An upconversion laser comprising: an up-conversion unit; the upconversion unit comprises 40SiO₂-13Al₂O₃-10Na₂CO₃-20BaF₂-4LaF₃A glass carrier and an upconversion material distributed in the glass carrier, wherein the upconversion material comprises Ba₂LaF₇Nanocrystalline carrier and Yb doped in the nanocrystalline carrier³⁺And Tm³⁺Rare earth; the upconverting material was precipitated by annealing at 670 ℃ for 1 hour. Wherein, compared with Ba₂LaF₇，Yb³⁺And Tm³⁺Doping percentage (compared to Ba)₂LaF₇) Respectively 90% and 3%. The incident light excitation light source is a pulse laser light source and enters the up-conversion unit in a vertical mode.

Comparative example 3

An upconversion laser comprising: an up-conversion unit; the upconversion unit comprises 40SiO₂-13Al₂O₃-10Na₂CO₃-20BaF₂-4LaF₃A glass carrier and an upconversion material distributed in the glass carrier, wherein the upconversion material comprises Ba₂LaF₇Nanocrystalline carrier and Yb doped in the nanocrystalline carrier³⁺And Tm³⁺Rare earth; the upconverting material was precipitated by annealing at 660 ℃ for 1 hour. Therein, compared withBa₂LaF₇，Yb³⁺And Tm³⁺Doping percentage (compared to Ba)₂LaF₇) Respectively 90% and 3%. The incident light excitation light source is a pulse laser light source and enters the up-conversion unit in a vertical mode.

Further, in order to verify the advancement of the upconversion lasers in the embodiments 1 to 3 and the comparative examples 1 to 3 of the present invention, the embodiments of the present invention were subjected to performance tests.

Test example 1

In the test example, the best laser efficiency of examples 1 to 3 and comparative examples 1 to 3 was measured by an integrating sphere, and the test results are shown in the following table 1:

TABLE 1

According to the test results, the laser efficiency of the upconversion lasers in the embodiments 1 to 3 is improved by about 40% compared with the laser efficiency of the upconversion lasers in the comparative examples 1 to 3 provided with the reflector, and the laser emission efficiency of the laser is remarkably improved.

Test example 2

In the test example, simulation calculation is performed on the variation relationship between the excitation absorption efficiency of the laser in the embodiments 1 to 3 and the cavity length (the relative vertical distance between the total reflection mirror and the non-total reflection mirror) of the upconversion excitation unit through optical simulation, and the calculation result is shown in fig. 2 (the abscissa is the cavity length, and the ordinate is the excitation absorption efficiency). When the cavity length is increased to 3 cm, the excitation absorption efficiency α is substantially stable and slightly decreases, and therefore, the cavity length of the laser is preferably set to 3 mm to 3 cm. Specifically, such as: example 1 theoretical laser absorption efficiency of gain cavity was 4.2cm^-1When the cavity length is 0.35cm, the excitation absorption efficiency is improved by nearly 40%; example 2 theoretical laser absorption efficiency of a gain cavity is2cm^-1When the cavity length is 0.6cm, the excitation absorption efficiency is improved by nearly 35%; example 3 theoretical laser absorption efficiency of gain cavity is 0.5cm^-1When the cavity length is 2.5cm, the excitation absorption efficiency is improved by nearly 35%.
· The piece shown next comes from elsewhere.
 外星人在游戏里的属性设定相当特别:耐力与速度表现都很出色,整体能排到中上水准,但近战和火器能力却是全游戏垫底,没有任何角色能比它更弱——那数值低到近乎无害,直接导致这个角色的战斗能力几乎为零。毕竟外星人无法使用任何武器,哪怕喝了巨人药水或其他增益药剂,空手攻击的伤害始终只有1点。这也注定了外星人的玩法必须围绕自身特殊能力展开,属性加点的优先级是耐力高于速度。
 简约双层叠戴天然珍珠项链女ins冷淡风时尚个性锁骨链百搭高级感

In addition, the laser threshold of the laser of example 1 and the laser of comparative example 1 were also tested by the integrating sphere, and the test results are shown in table 2 below:

TABLE 2

	Laser threshold (mJ/cm)2)
		Comparative example 1	120
Example 1	80

From the test results, the laser threshold of the laser with the front and rear reflectors added in embodiment 1 of the present invention is reduced by 40% compared with the laser threshold of the laser without the reflectors added in proportion 1, which indicates that the laser in embodiment 1 of the present invention has lower laser emission power and is easier to emit laser.

The above description is only for the purpose of illustrating the preferred embodiments of the present invention and is not to be construed as limiting the invention, and any modifications, equivalents and improvements made within the spirit and principle of the present invention are intended to be included within the scope of the present invention.